• _TASK TO COMPLETE_
Give the lines again exactly as they appear below, from the line with "Surface tension γ" to the line with "Я давал послушать", both included, and only those lines. Leave every picture out.

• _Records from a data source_
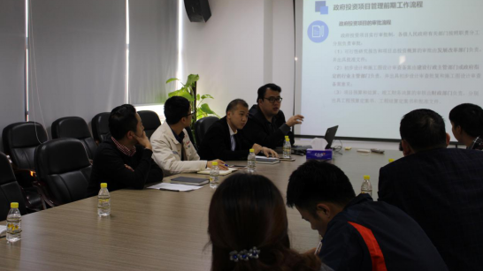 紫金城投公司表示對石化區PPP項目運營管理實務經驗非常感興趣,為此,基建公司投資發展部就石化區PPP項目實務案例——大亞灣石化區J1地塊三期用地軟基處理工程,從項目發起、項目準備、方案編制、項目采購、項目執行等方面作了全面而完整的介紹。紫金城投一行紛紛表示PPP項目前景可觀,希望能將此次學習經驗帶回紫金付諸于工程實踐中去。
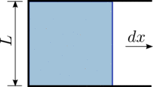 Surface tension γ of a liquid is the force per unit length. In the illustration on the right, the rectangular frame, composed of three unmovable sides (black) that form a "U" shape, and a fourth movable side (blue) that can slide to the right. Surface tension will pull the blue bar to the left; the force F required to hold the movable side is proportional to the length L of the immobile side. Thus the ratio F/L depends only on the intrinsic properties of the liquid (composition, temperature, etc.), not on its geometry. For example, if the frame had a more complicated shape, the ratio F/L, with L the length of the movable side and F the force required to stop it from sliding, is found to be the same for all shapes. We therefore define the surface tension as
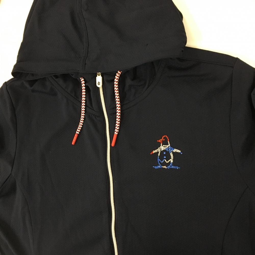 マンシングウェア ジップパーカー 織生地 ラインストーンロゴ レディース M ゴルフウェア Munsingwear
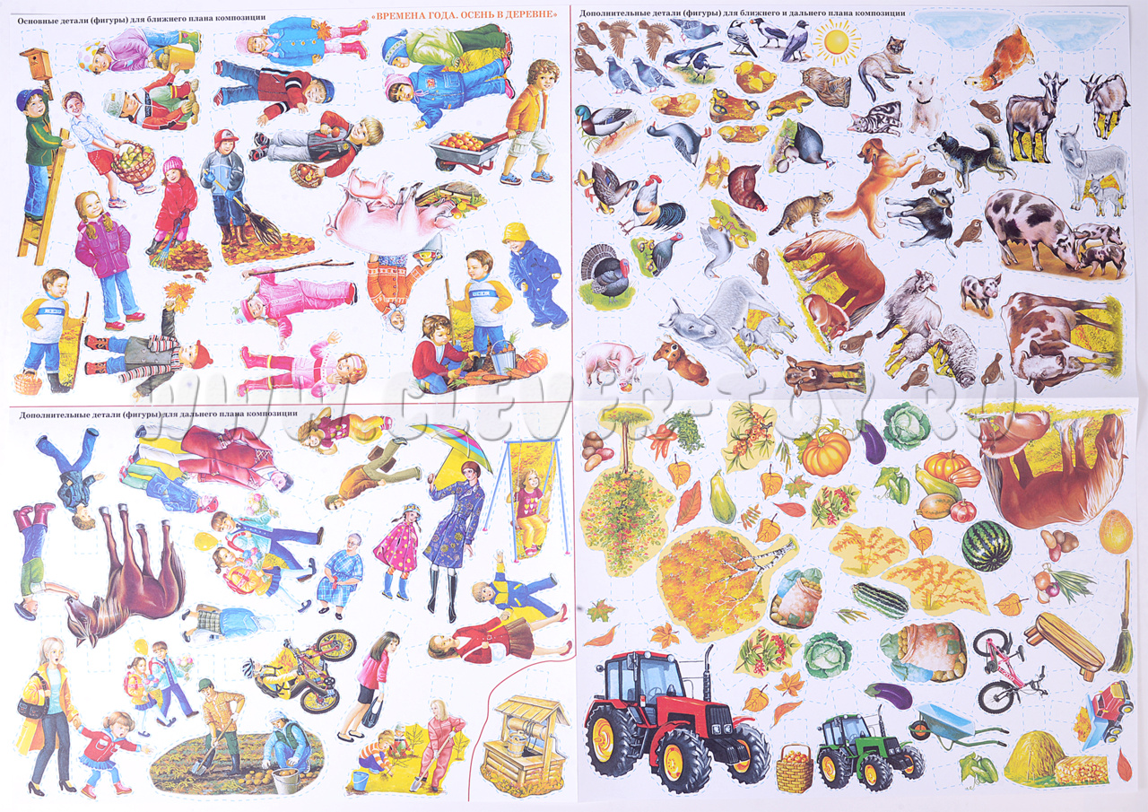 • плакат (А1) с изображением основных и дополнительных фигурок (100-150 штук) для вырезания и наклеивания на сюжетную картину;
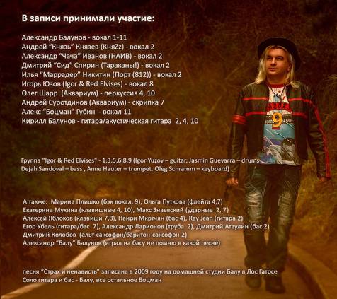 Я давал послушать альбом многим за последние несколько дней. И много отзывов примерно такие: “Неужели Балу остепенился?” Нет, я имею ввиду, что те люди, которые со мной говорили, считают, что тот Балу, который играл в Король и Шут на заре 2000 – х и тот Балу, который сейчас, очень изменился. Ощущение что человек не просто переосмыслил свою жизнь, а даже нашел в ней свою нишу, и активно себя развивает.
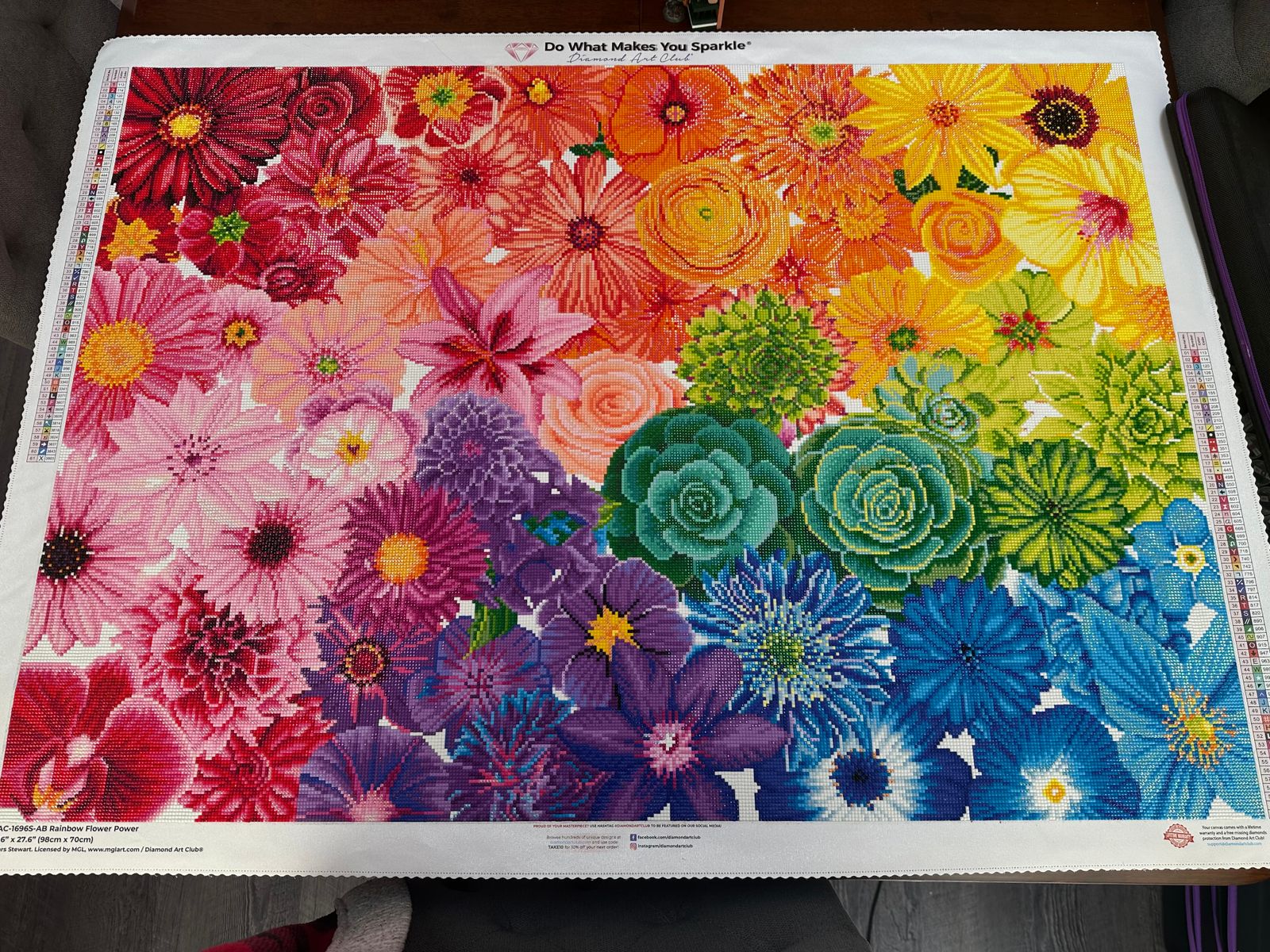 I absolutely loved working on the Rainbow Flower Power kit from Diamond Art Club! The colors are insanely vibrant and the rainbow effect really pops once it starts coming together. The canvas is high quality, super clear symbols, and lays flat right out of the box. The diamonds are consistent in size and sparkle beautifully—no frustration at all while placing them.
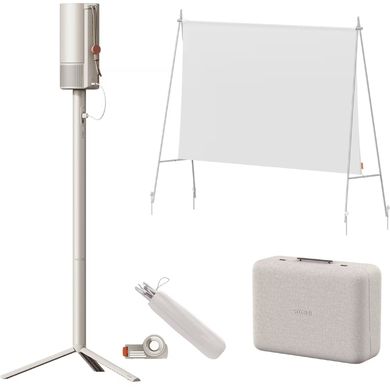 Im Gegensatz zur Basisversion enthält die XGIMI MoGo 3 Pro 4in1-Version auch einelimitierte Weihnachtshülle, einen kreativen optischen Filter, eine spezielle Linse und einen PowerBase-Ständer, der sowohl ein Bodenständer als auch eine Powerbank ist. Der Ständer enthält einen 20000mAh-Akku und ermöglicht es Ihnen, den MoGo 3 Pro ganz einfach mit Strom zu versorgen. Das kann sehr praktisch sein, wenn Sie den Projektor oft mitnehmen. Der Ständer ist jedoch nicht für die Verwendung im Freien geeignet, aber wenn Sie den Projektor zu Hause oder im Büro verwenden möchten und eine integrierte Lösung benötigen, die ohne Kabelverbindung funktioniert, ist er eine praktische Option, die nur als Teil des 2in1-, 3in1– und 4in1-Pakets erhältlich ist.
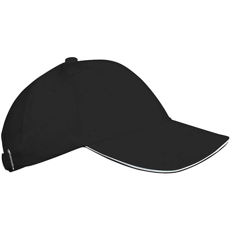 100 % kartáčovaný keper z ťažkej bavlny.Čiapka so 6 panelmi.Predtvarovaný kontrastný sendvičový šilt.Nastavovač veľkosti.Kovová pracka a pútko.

• _WORKED SOLUTION_
 Surface tension γ of a liquid is the force per unit length. In the illustration on the right, the rectangular frame, composed of three unmovable sides (black) that form a "U" shape, and a fourth movable side (blue) that can slide to the right. Surface tension will pull the blue bar to the left; the force F required to hold the movable side is proportional to the length L of the immobile side. Thus the ratio F/L depends only on the intrinsic properties of the liquid (composition, temperature, etc.), not on its geometry. For example, if the frame had a more complicated shape, the ratio F/L, with L the length of the movable side and F the force required to stop it from sliding, is found to be the same for all shapes. We therefore define the surface tension as
 マンシングウェア ジップパーカー 織生地 ラインストーンロゴ レディース M ゴルフウェア Munsingwear
 • плакат (А1) с изображением основных и дополнительных фигурок (100-150 штук) для вырезания и наклеивания на сюжетную картину;
 Я давал послушать альбом многим за последние несколько дней. И много отзывов примерно такие: “Неужели Балу остепенился?” Нет, я имею ввиду, что те люди, которые со мной говорили, считают, что тот Балу, который играл в Король и Шут на заре 2000 – х и тот Балу, который сейчас, очень изменился. Ощущение что человек не просто переосмыслил свою жизнь, а даже нашел в ней свою нишу, и активно себя развивает.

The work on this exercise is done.